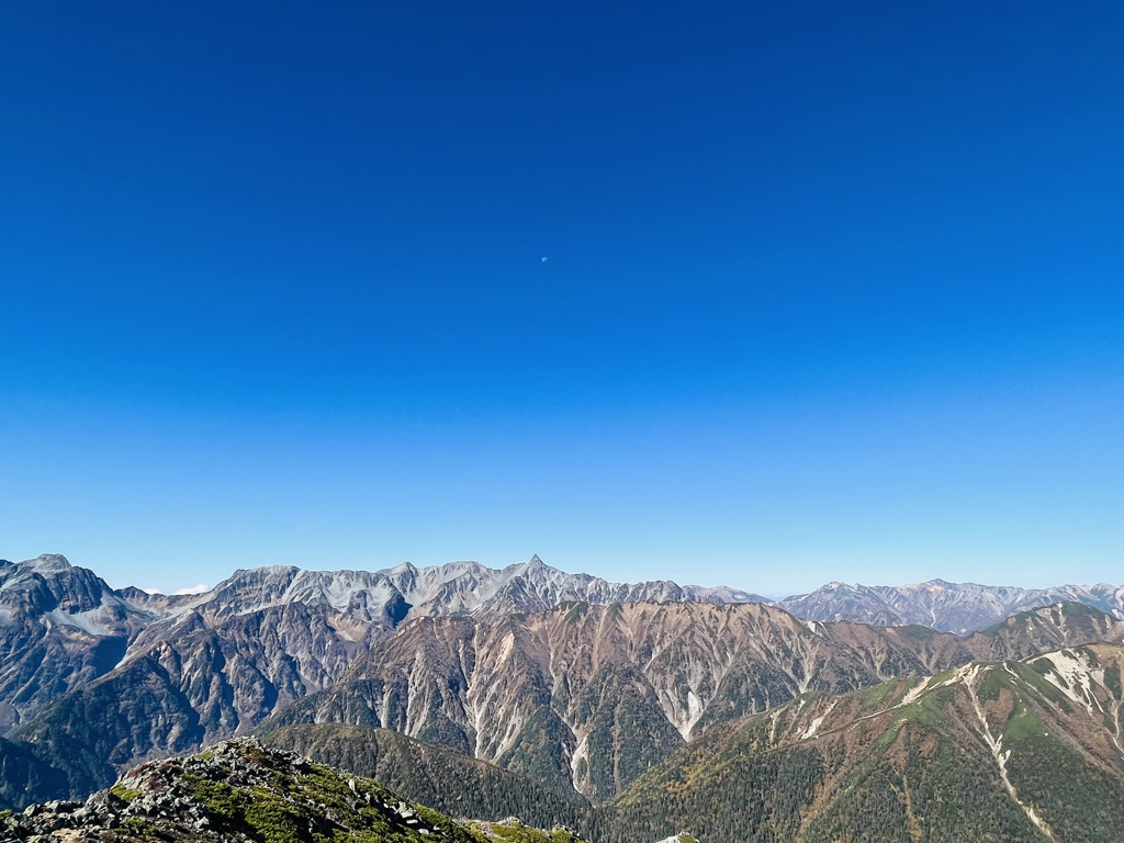 常念岳の山頂からは、槍ヶ岳や穂高連峰が間近に見えた。この日、空は快晴で、遠くには富士山も確認できた。さらに、驚いたことに、槍ヶ岳の上空にお月様が浮かんでいた。日中に見える月とアルプスのパノラマが織りなす景色は、まるで絵画のように幻想的だった。これがパノラマ銀座か、と心の底から納得した瞬間だった。
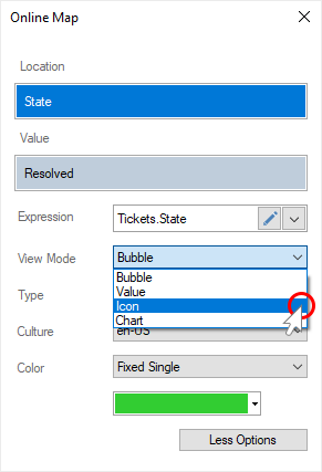 By default, geographic objects are displayed on the map as bubbles. They can also be displayed as a pie chart, values, values with an icon.
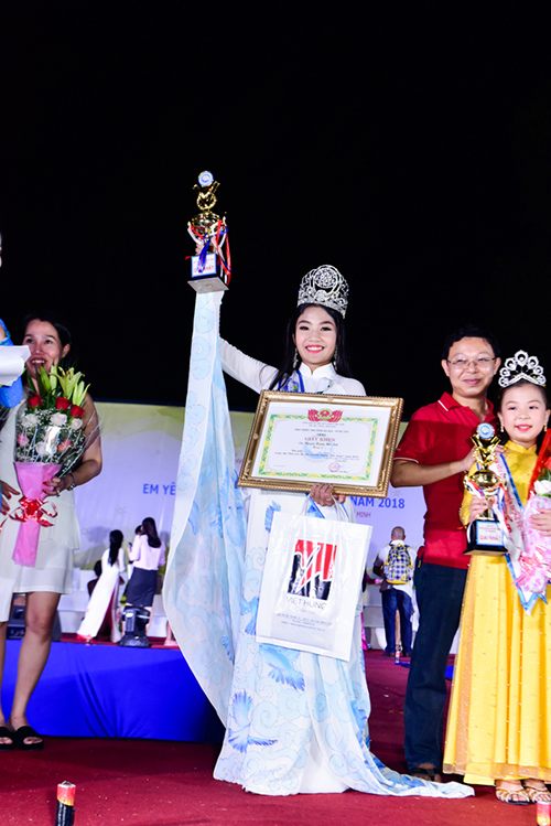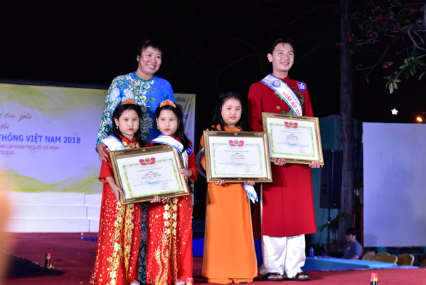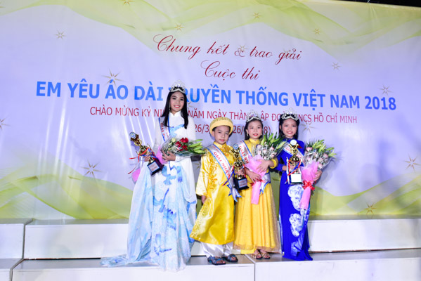 Đỗ Hoàng Anh Thư (bảng B),nhóm Tuổi thần tiên (bảng C) và Nguyễn Hoàng Mai Anh (bảng A) xuất sắc giành giải nhất cuộc thi “Em yêu áo dài truyền thống Việt Nam” năm 2018.

YOUR INSTRUCTIONS:
What is needed is an exact repetition of every line from the line with "By default, geographic" to the end of the data above, both ends included, with no pictures.

WRITTEN REPLY:
 By default, geographic objects are displayed on the map as bubbles. They can also be displayed as a pie chart, values, values with an icon.
 Đỗ Hoàng Anh Thư (bảng B),nhóm Tuổi thần tiên (bảng C) và Nguyễn Hoàng Mai Anh (bảng A) xuất sắc giành giải nhất cuộc thi “Em yêu áo dài truyền thống Việt Nam” năm 2018.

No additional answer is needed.